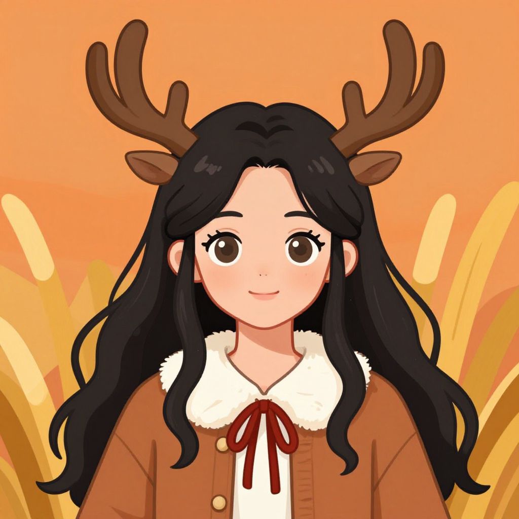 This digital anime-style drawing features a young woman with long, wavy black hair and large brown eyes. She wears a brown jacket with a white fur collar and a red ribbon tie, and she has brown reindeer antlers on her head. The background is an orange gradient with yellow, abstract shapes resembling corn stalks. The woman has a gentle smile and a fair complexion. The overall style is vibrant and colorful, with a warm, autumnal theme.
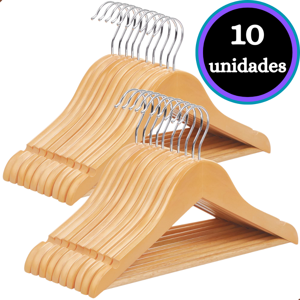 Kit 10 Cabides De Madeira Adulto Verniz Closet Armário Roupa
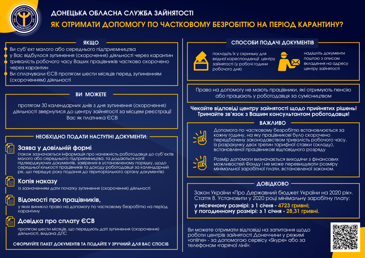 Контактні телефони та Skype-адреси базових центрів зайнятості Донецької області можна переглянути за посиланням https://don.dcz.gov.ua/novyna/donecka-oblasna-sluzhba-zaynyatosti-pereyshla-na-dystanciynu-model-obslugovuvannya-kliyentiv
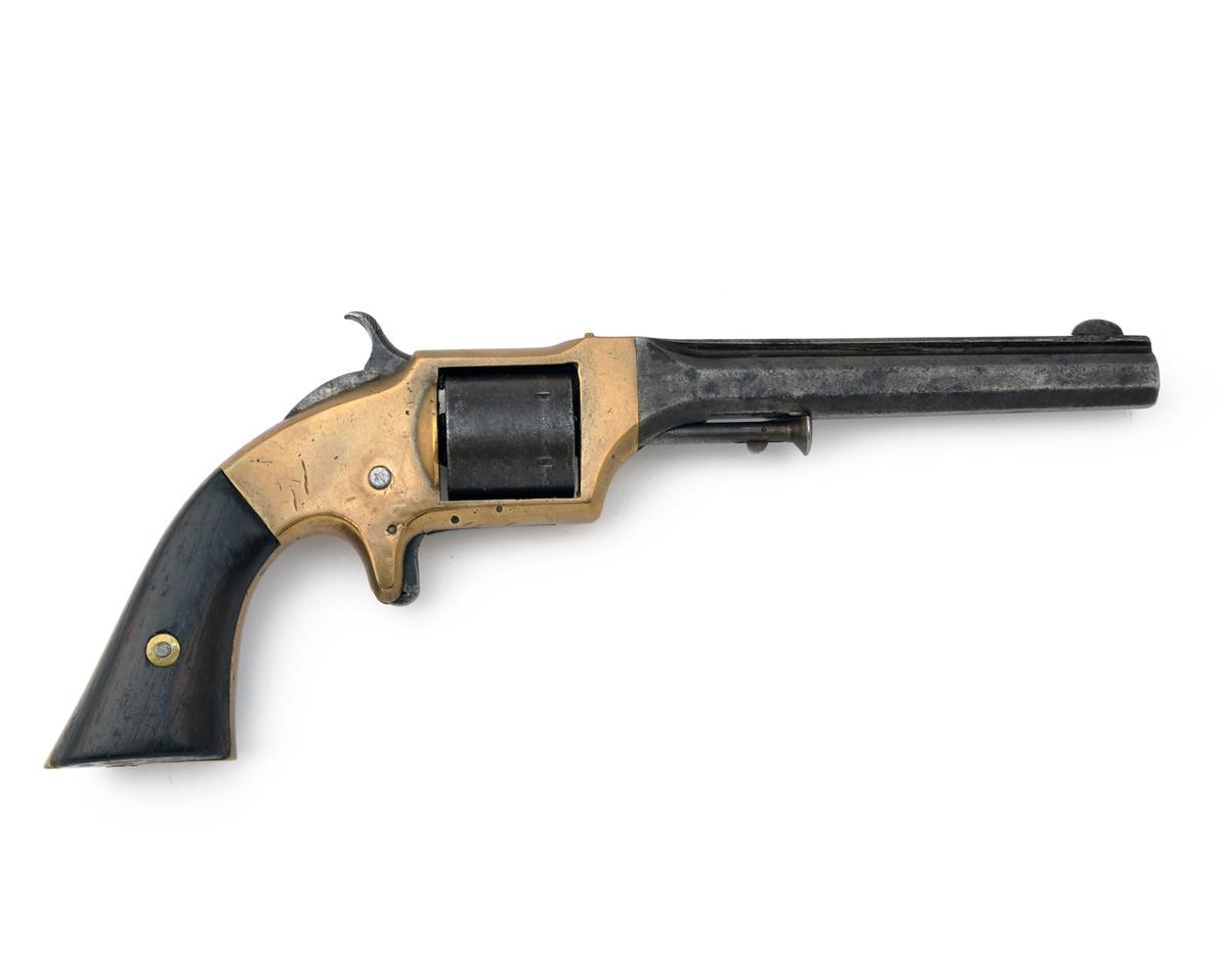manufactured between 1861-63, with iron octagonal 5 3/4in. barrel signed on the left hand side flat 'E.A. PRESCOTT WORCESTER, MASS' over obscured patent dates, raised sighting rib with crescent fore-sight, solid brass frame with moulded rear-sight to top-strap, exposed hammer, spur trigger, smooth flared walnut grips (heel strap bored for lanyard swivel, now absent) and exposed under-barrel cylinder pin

> **WORK ITEM**
Retype exactly. Include each line from the start of the material through the line holding "Контактні телефони та", and leave the pictures out.

> **EXPECTED OUTPUT**
 This digital anime-style drawing features a young woman with long, wavy black hair and large brown eyes. She wears a brown jacket with a white fur collar and a red ribbon tie, and she has brown reindeer antlers on her head. The background is an orange gradient with yellow, abstract shapes resembling corn stalks. The woman has a gentle smile and a fair complexion. The overall style is vibrant and colorful, with a warm, autumnal theme.
 Kit 10 Cabides De Madeira Adulto Verniz Closet Armário Roupa
 Контактні телефони та Skype-адреси базових центрів зайнятості Донецької області можна переглянути за посиланням https://don.dcz.gov.ua/novyna/donecka-oblasna-sluzhba-zaynyatosti-pereyshla-na-dystanciynu-model-obslugovuvannya-kliyentiv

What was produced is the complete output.